March 6, 2021 by LPP Reporter

The Senate has passed the nearly $2 trillion COVID-19 relief package, which returns to the U.S. House. (Photo by Giorgio Trovato via Unsplash)

The U.S. Senate passed President Joe Biden’s nearly $2 trillion stimulus plan Saturday afternoon after wrangling over an amendment to trim unemployment benefits derailed the bill’s passage for nearly an entire day.

The Senate version, which does not include a federal minimum wage hike and puts limits on the funding for state and local governments, will now make its way to the House for review. Democrats are rushing to pass the relief package so it reaches the president’s desk before the March 14 deadline for unemployment benefits expire, in order to give states plenty of time to avoid missing those payments.

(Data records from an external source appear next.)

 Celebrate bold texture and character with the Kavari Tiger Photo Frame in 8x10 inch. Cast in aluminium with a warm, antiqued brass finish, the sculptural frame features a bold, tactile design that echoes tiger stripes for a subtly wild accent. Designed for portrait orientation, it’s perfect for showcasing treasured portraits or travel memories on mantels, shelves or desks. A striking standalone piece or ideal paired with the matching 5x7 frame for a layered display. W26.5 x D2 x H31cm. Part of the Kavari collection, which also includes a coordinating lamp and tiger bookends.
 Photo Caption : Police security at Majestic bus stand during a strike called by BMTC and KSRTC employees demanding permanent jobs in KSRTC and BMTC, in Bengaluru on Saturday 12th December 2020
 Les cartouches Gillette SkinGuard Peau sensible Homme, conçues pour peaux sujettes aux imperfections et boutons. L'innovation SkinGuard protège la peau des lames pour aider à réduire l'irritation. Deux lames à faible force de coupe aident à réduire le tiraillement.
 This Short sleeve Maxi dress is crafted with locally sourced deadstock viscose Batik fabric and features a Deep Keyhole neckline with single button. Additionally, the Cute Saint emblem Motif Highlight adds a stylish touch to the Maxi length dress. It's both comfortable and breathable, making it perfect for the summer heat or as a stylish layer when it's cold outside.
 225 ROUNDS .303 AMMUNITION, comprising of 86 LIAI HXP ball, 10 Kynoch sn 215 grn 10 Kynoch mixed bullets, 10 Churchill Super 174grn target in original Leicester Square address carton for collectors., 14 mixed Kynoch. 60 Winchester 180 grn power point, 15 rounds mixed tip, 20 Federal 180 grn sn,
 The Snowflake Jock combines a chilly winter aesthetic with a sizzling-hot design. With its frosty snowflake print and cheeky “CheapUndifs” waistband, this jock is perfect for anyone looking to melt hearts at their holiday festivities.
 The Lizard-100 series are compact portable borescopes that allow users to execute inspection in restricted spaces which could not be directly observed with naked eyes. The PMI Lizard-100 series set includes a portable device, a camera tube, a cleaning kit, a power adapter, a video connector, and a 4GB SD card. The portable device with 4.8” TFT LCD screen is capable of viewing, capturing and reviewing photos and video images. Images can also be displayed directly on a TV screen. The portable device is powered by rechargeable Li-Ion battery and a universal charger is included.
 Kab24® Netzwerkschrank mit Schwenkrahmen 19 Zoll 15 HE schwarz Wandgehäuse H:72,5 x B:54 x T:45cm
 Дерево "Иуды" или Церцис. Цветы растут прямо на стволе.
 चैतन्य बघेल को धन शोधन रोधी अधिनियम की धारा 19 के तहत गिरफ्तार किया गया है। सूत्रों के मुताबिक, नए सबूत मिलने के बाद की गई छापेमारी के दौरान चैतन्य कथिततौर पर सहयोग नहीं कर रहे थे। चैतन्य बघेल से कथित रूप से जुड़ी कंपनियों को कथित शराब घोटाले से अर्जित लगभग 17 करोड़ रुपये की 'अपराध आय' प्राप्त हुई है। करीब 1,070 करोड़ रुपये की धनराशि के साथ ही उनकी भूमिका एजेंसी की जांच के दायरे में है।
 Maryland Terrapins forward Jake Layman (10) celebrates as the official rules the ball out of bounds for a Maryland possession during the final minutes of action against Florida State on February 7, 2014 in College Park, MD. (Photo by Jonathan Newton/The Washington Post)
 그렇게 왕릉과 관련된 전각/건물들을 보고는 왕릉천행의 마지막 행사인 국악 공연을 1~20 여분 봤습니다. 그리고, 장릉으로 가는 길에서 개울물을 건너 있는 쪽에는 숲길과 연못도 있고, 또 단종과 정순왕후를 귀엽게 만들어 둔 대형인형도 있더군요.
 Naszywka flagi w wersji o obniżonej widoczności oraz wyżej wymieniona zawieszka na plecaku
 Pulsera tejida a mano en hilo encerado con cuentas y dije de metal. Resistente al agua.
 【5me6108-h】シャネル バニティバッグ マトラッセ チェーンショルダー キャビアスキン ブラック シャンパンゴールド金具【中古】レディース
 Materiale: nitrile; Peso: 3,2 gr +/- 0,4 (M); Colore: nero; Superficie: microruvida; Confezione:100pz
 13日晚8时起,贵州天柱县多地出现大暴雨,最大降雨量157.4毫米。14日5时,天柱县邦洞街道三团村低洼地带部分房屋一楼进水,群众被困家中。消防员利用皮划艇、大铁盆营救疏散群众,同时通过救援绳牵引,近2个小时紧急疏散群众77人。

No Republicans voted for the House bill last week. The bill passed the Senate along party lines, 50-49. A tie-breaking vote from Vice President Kamala Harris was not needed because Sen. Dan Sullivan, R-Alaska, had to leave the Capitol after a family emergency.

“This bill will deliver more help to more people than anything the federal government has done in decades,” Senate Majority Leader Charles Schumer said in a statement on passage of the bill.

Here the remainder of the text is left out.